Q: What is an Open House?

A: An Open House is where the Seller opens up the house for anyone off the street to stop by and see the house. It's usually done on a Sunday afternoon. It's all about getting more foot traffic through the home to raise awareness to as many people as we can.

Q: Is it normal to feel anxiety during the house selling process?

A: Yes. Selling a house is, for most people, the biggest transaction in their life and it's an emotional experience. You are uprooting your family, changing jobs, moving kids to a new school, having to coordinate the move ... etc. We as agents do real estate every day and the average Seller does it every 5-7 years. Rest assured, we are doing a lot of activities behind the scenes that you never see and we do our best to communicate with you to a level that makes you feel comfortable. It is in our best interest to sell the house as quickly as possible for the most money. Remember, we don't get paid until we close so this is a team activity.

Q: What is my recourse if the Buyer cannot execute the contract?

A: If the reason is one of the standard clauses in the Indiana State contract such as financing contingency, inspection finds a Major Defect or Seller violation of the Indiana State Sellers Disclosure, there is nothing you can do. If the Buyer simply decides they don't want to purchase your house and without a valid reason, then keeping the Buyer's Earnest Money is the common recourse unless there are extenuating circumstances. The Buyer would also have to agree to sign a Mutual Release document agreeing to forfeit their Earnest Money.

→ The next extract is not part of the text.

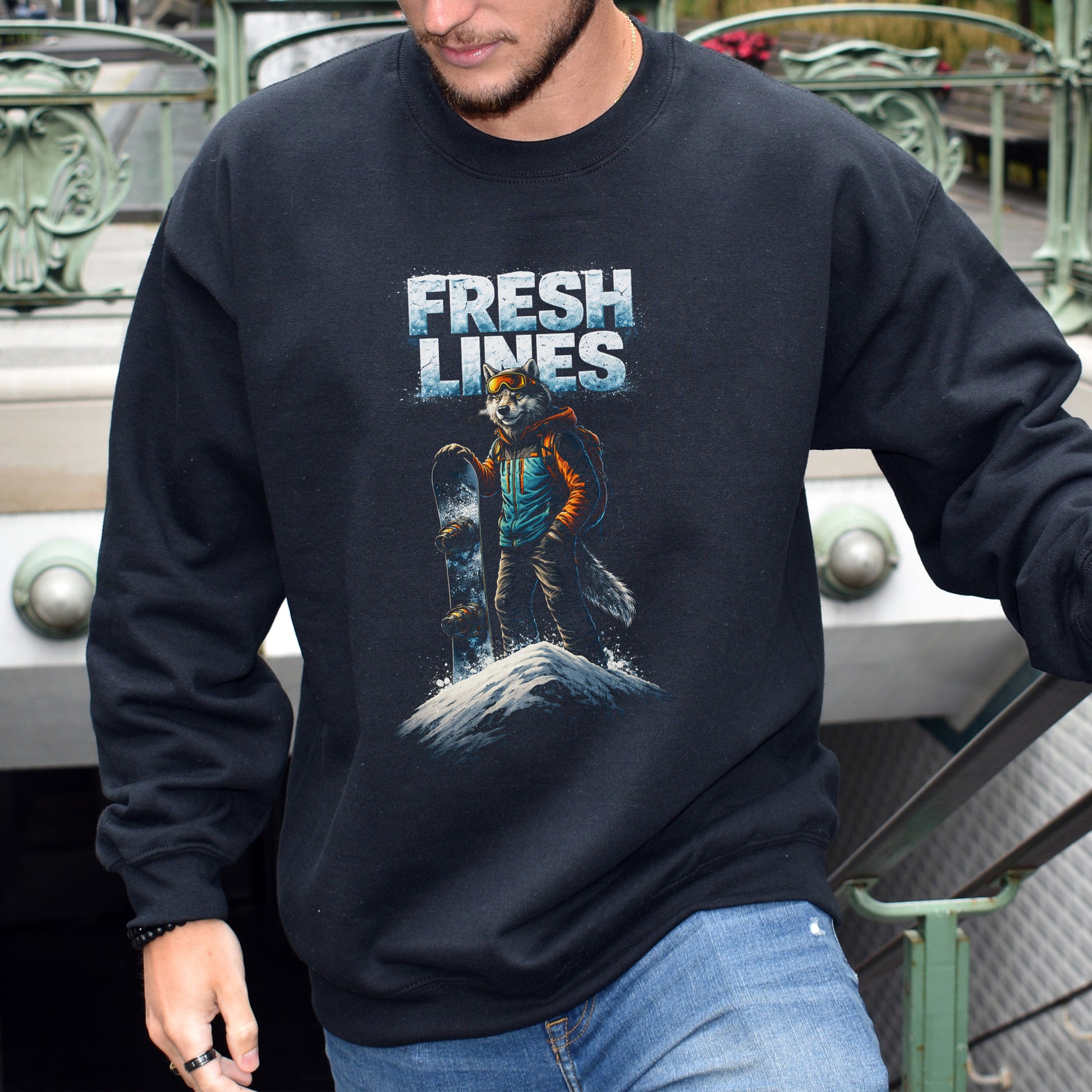 Carve straight into powder-day bliss with this bold “Fresh Lines” sweatshirt, featuring a fearless snowboarding wolf ripping into untouched snow. It’s an epic mix of winter adrenaline, forest mystery, and cozy alpine style—perfect for riders who chase that first clean run of the day.

If the Buyer does not, you would have to take them to court.

Q: What is a Mutual Release?

A: A mutual release is a document that both the Buyer and Seller agree to sign to mutually agree to terminate the contract and includes a clause to return money to the Buyer or forfeit to the Seller.

Q: What is the Seller's Disclosure?

A: The Seller's Disclosure is a Indiana State required document that requires the Seller to disclose any known defects with the house.

Q: What is an Appraisal?

A: The purpose of an appraisal is to verify that the house is worth what the Buyer is willing to pay and to make sure the house is habitable which means the Buyer could move in after closing and live there ... i.e. running water, heat, electricity, roof is not leaking ... etc. There are a number of common items that appraisers look for which would prevent the Buyer's Lender from approving the loan and would be called out on the appraisal as an appraisal contingency. These items would need to be replaced or repaired prior to getting a clear to close and the appraiser will go back out to confirm they have been completed.